***** PROVIDED MATERIAL
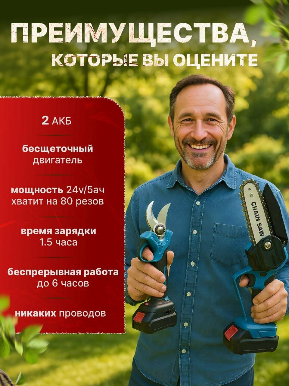 Набор садовода, цепная пила (аккумуляторная) и секатор (аккумуляторный): сравнение цен, характеристики, фото, актуальное наличие и цены.
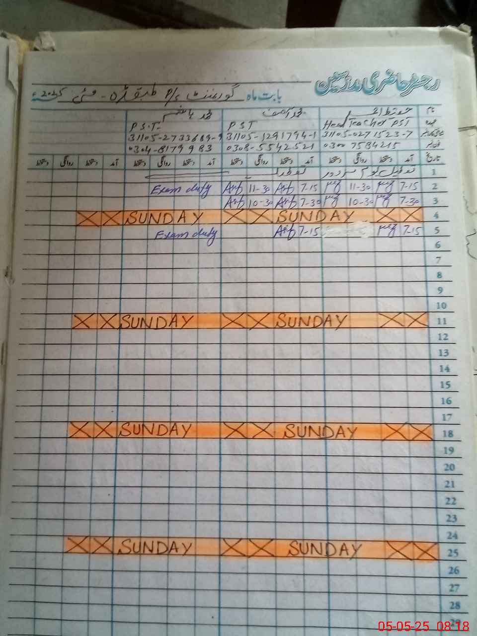 | 31**** | Mu**** Ha**** | ESE | Contract | 0 | 0 | 0 | 0 | 0 | 0 | 0 | 0 | 0 | Exam Duty |
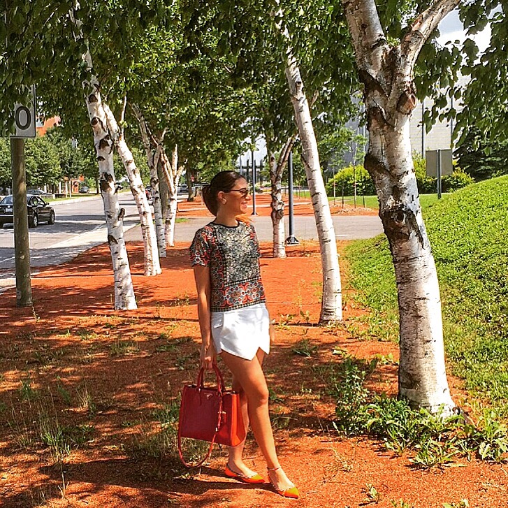 Today’s outfit has an orange accent through the patterny top from Topshop, the Maison Valentino Neon Rockstud flats and Prada Saffiano in Duo orange/red. These skirt/shorts from Zara are very practical and go with everything. And finally two shade sunnies from Dior.
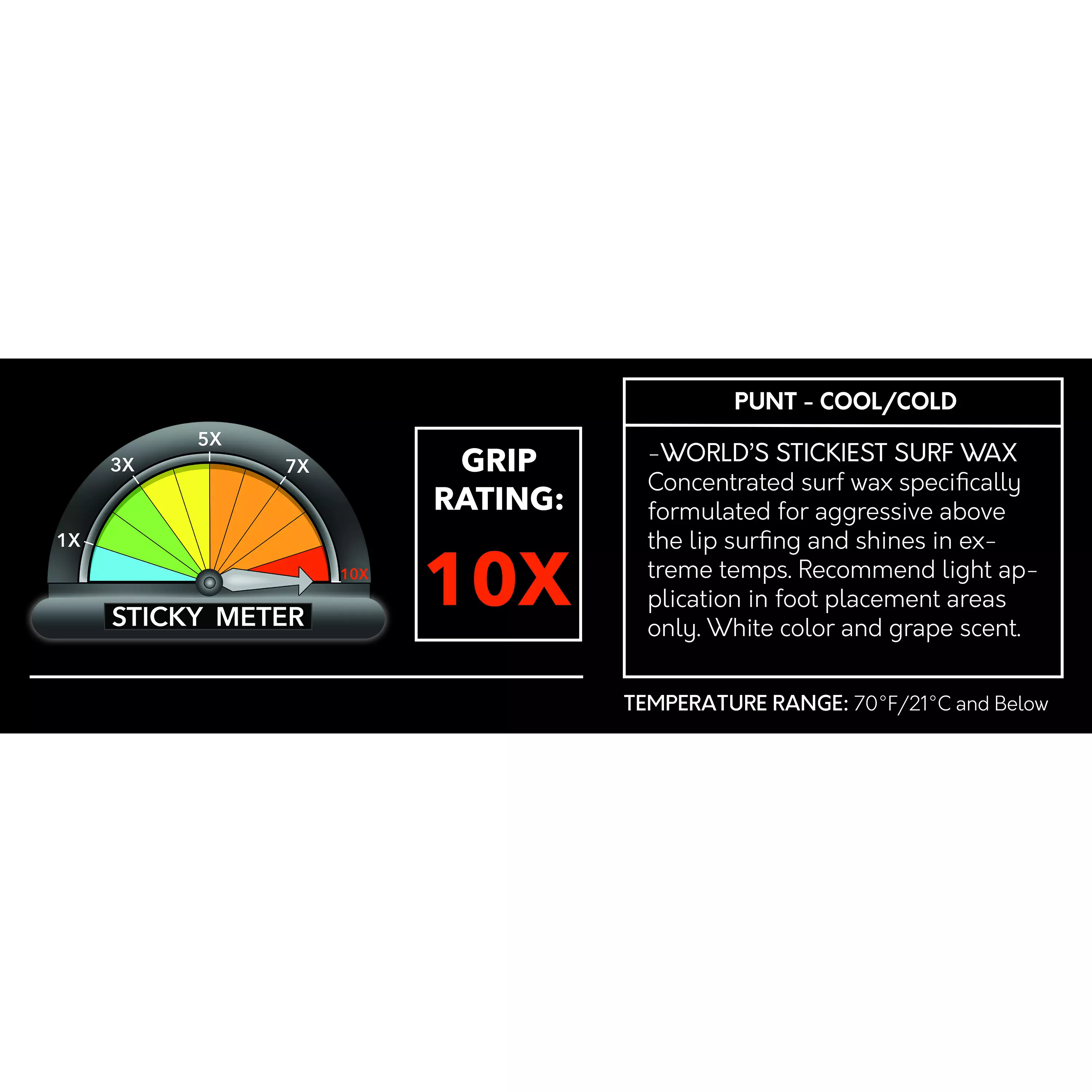 Sticky Bumps Punt wax provides 10 times more adhesion than the original formula. Apply it as a supplement on your usual wax.
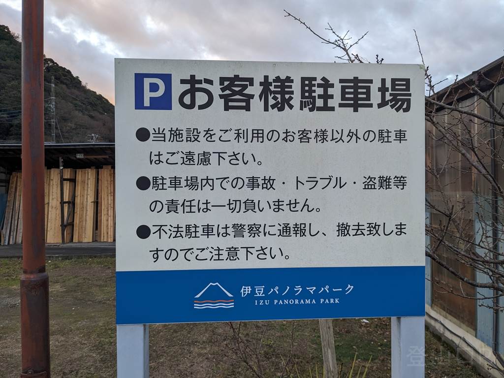 伊豆中央道の伊豆長岡インターを下りて「伊豆長岡IC」交差点を東へ、その後すぐ「長岡IC東」交差点を右折すると駐車場の入口です。ロープウェイの麓駅の駐車場で、ロープウェイ利用すれば葛城山の山頂エリアまで7分で行くことができるため、そのまま葛城山を散策できます。なお、山頂には飲食店の他に足湯などがあります。
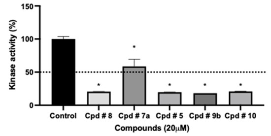 The initial screening was performed to determine the preliminary kinase inhibition activity of the synthesized compounds. screened compounds showed inhibition activity at the testing dose (20 μM) ranging from 41.4% to 81.8%. Like what was predicted in kinase affinity, compounds 5, 8, 9b, and 10 recorded significant activity with % kinase enzyme inhibition ranging from 79.4% to 81.8%, Figure 7. Compound 7a showed mild kinase inhibition of 41.4%. Observed agreement between kinase inhibition and antiproliferative activity can be further assessed to identify the potential inhibitors of oncogenic receptors including FLT3 receptor. However, similar to our findings, previous studies reported that compounds bearing the thieno[2,3-d]pyrimidines scaffold exhibited inhibitory activity against kinases [31,37].
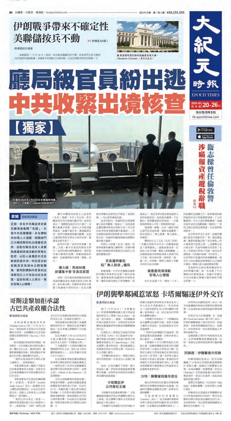 ⋯⋯廳局級官員紛出逃 中共收緊出境核查
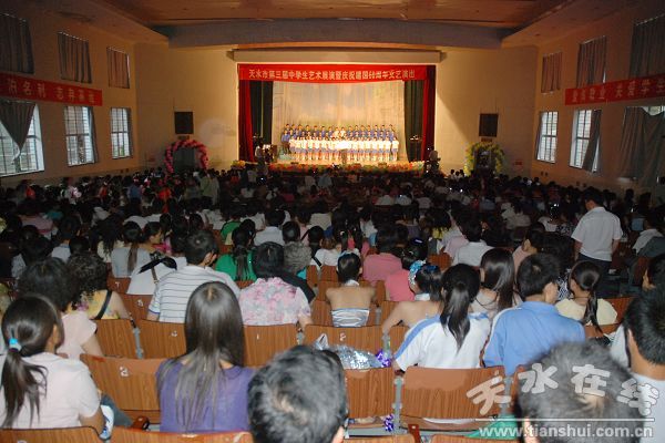 7月22日晚,由天水市教育局主办的天水市第三届中学生文艺展演暨建国60周年文艺演出在天水师院隆重举行。来自两区五县的中学生带来了他们精心准备的文艺节目,为建国60周年献上了一份厚礼。
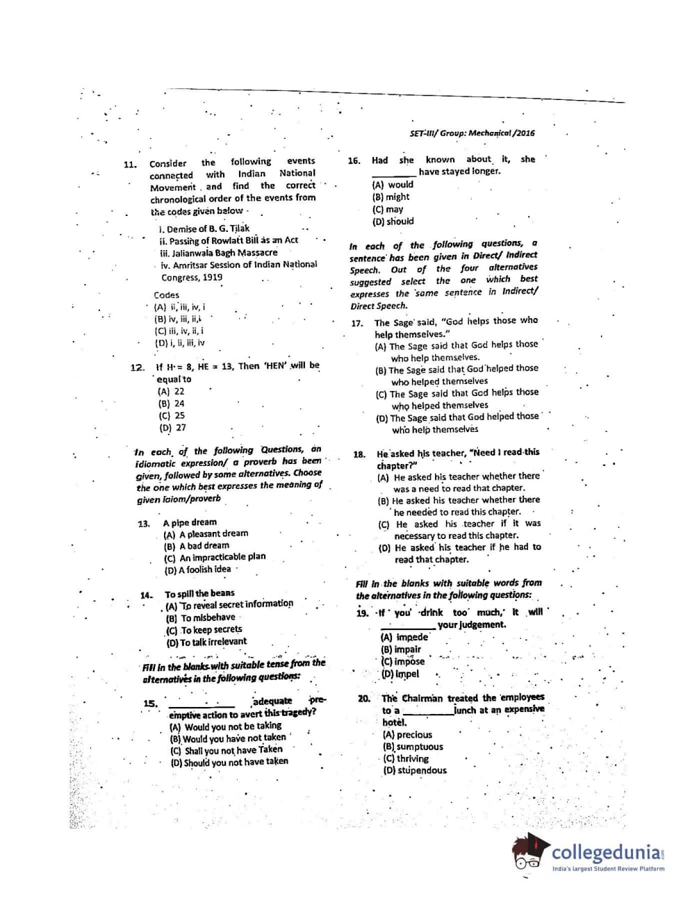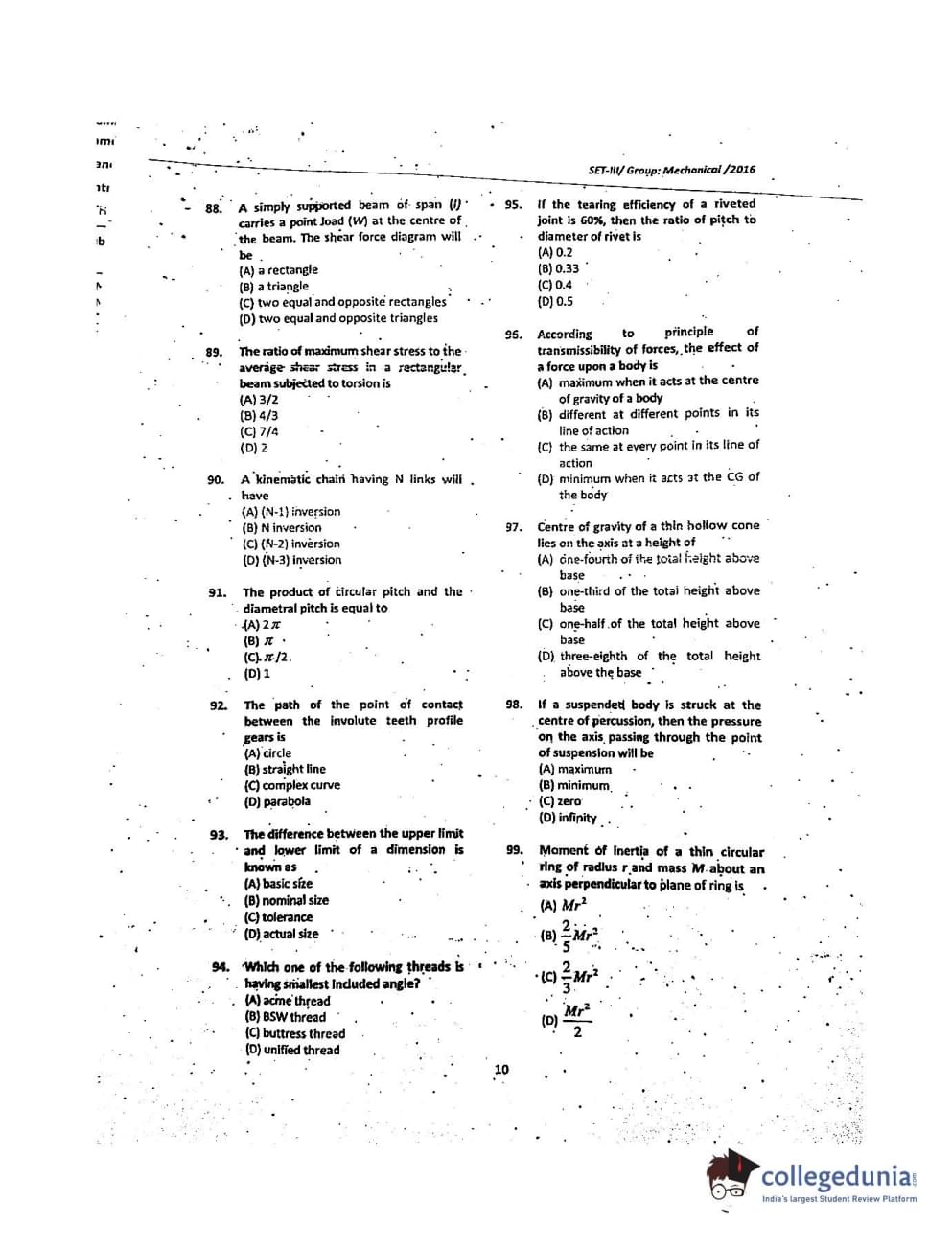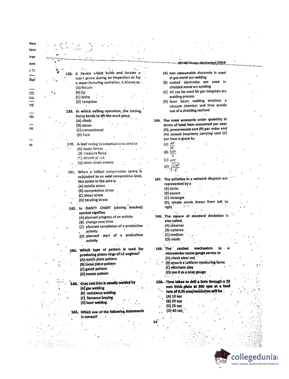 | SLIET SET 2016 Mechanical Question Paper PDF | SLIET SET 2016 Mechanical Answer Key PDF |
**********
### EXERCISE
Please copy out from the data above, without any picture, exactly the lines running from the one that holds "Today’s outfit has" through the one that holds "7月22日晚,由天水市教育局", and nothing beyond them.

### ANSWER FOR THIS EXERCISE
 Today’s outfit has an orange accent through the patterny top from Topshop, the Maison Valentino Neon Rockstud flats and Prada Saffiano in Duo orange/red. These skirt/shorts from Zara are very practical and go with everything. And finally two shade sunnies from Dior.
 Sticky Bumps Punt wax provides 10 times more adhesion than the original formula. Apply it as a supplement on your usual wax.
 伊豆中央道の伊豆長岡インターを下りて「伊豆長岡IC」交差点を東へ、その後すぐ「長岡IC東」交差点を右折すると駐車場の入口です。ロープウェイの麓駅の駐車場で、ロープウェイ利用すれば葛城山の山頂エリアまで7分で行くことができるため、そのまま葛城山を散策できます。なお、山頂には飲食店の他に足湯などがあります。
 The initial screening was performed to determine the preliminary kinase inhibition activity of the synthesized compounds. screened compounds showed inhibition activity at the testing dose (20 μM) ranging from 41.4% to 81.8%. Like what was predicted in kinase affinity, compounds 5, 8, 9b, and 10 recorded significant activity with % kinase enzyme inhibition ranging from 79.4% to 81.8%, Figure 7. Compound 7a showed mild kinase inhibition of 41.4%. Observed agreement between kinase inhibition and antiproliferative activity can be further assessed to identify the potential inhibitors of oncogenic receptors including FLT3 receptor. However, similar to our findings, previous studies reported that compounds bearing the thieno[2,3-d]pyrimidines scaffold exhibited inhibitory activity against kinases [31,37].
 ⋯⋯廳局級官員紛出逃 中共收緊出境核查
 7月22日晚,由天水市教育局主办的天水市第三届中学生文艺展演暨建国60周年文艺演出在天水师院隆重举行。来自两区五县的中学生带来了他们精心准备的文艺节目,为建国60周年献上了一份厚礼。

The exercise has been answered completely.